Excellent article regarding srilanka. It is a full details of current government history.

voice of refugee!

I know how depressing the refugee life is because i have a lot of experience refugee life .In sri lanka,100% refugees are minorities.Refugees camps are highly miltarized with mano ethnic majority army.Sri lankan government is only looking at refugees for international pressure and money.There is no other reason,no true concern. Good farming land and sea resources are restricted in the name of high security zone,which is now used to colonize majority ethnic group and army familes,who are don't know how to spell the places even.Recently two woman were killed and thrown into a well near refugee camps.There are so many robbery and bribary occuring ,because of pro governmental para-milatry groups in East and North.How this can happen with out SL army knowledge ? If they have saved the tamils from terrorism,why they not letting them in their own lands to reconstruct their life? if they have resloved the problem completeley,why still incraesing the army size in peace??? I dont know how people writing so blindly that democracy is exiting and peace has came in milatarized zone??opressed thoughts from hopeless homeless from SL!
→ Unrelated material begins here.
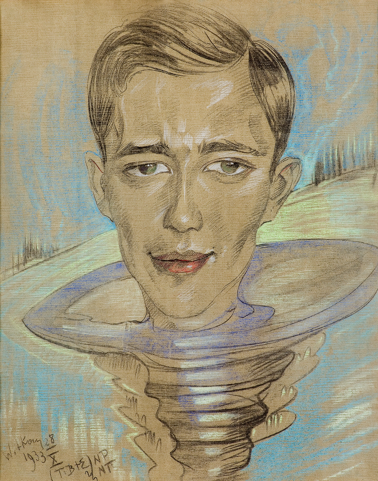 Witkacy wykonywał barwnymi pastelami portrety w pięciu kategoriach, zgodnie z Regulaminem jednoosobowej Firmy Portretowej „S.I. Witkiewicz“, oznaczonych kolejnymi literami od A do E. Niekiedy artysta łączył ze sobą dwa typy, np. B z E, jak miało to miejsce w przypadku prezentowanego portretu męskiego wykonanego 28 X 1933 roku. Typ B zakładał „rodzaj charakterystyczny, bez cienia karykatury [...] stosunek do modela obiektywny“, zaś typ E dopuszczał „dowolną interpretację psychologiczną, według intuicji Firmy“. W praktyce oznaczało to często wprowadzenie do tradycyjnego portretu elementów fantastyki, np. w postaci zastąpienia popiersia nietypowym zakończeniem – ptasimi nóżkami, rybim lub wężowym ogonem – ewentualnie umieszczeniem głowy modela na talerzu, podstawce albo wkomponowaniem jej w kieliszek czy wazon. Wizerunki takie artysta wykonywał raczej osobom znajomym, czy wręcz zaprzyjaźnionym, podpisywał je też pseudonimem „Witkacy“, gdyż sygnaturę „Ignacy Witkiewicz“ stosował na użytek przygodnych klientów. Adnotacje „NP“ i „NTI“ oznaczają, że artysta w dniu seansu portretowego nie palił papierosów i nie pił alkoholu.

Sri Lanka displaced people

I am concerned about the welfare of the hundreds of thousands of displaced people in the north of Sri Lanka, who have been forced out of their homes and into closed camps by the civil war. I find it really disturbing that the Sri Lankan government is not allowing any one from the international community into these closed camps, because the Sri Lankan government has a very poor record on human rights. There have been many human rights abuses in Sri Lanka over recent decades, and not only Tamils have suffered. In the late 80s during the JVP uprising many Sinhalese civilians 'disappeared', and for several decades thousands of Tamil civilians have 'disappeared'. Despite human rights abuses occurring over decades no one has been held accountable. This has led to an environment where civilians can be persecuted, tortured and killed without any accountability. Many groups have carried out human rights abuses - the LTTE, the JVP, the Sri Lankan Armed Forces, and various paramilitary groups. Successive governments have allowed human rights abuses to occur, and in some cases have encouraged the perpetrators. So now there are hundreds of thousands of Tamil civilians in closed camps, and I fear that they will be persecuted and ill-treated. They need basics of food and water, they need housing, but they also need appropriate assistance to help them recover from the psychological trauma of war. There is an urgent humanitarian need for the international community to be involved in providing humanitarian assistance to the displaced people, and in witnessing how the Sri Lankan government responds to this humanitarian tragedy.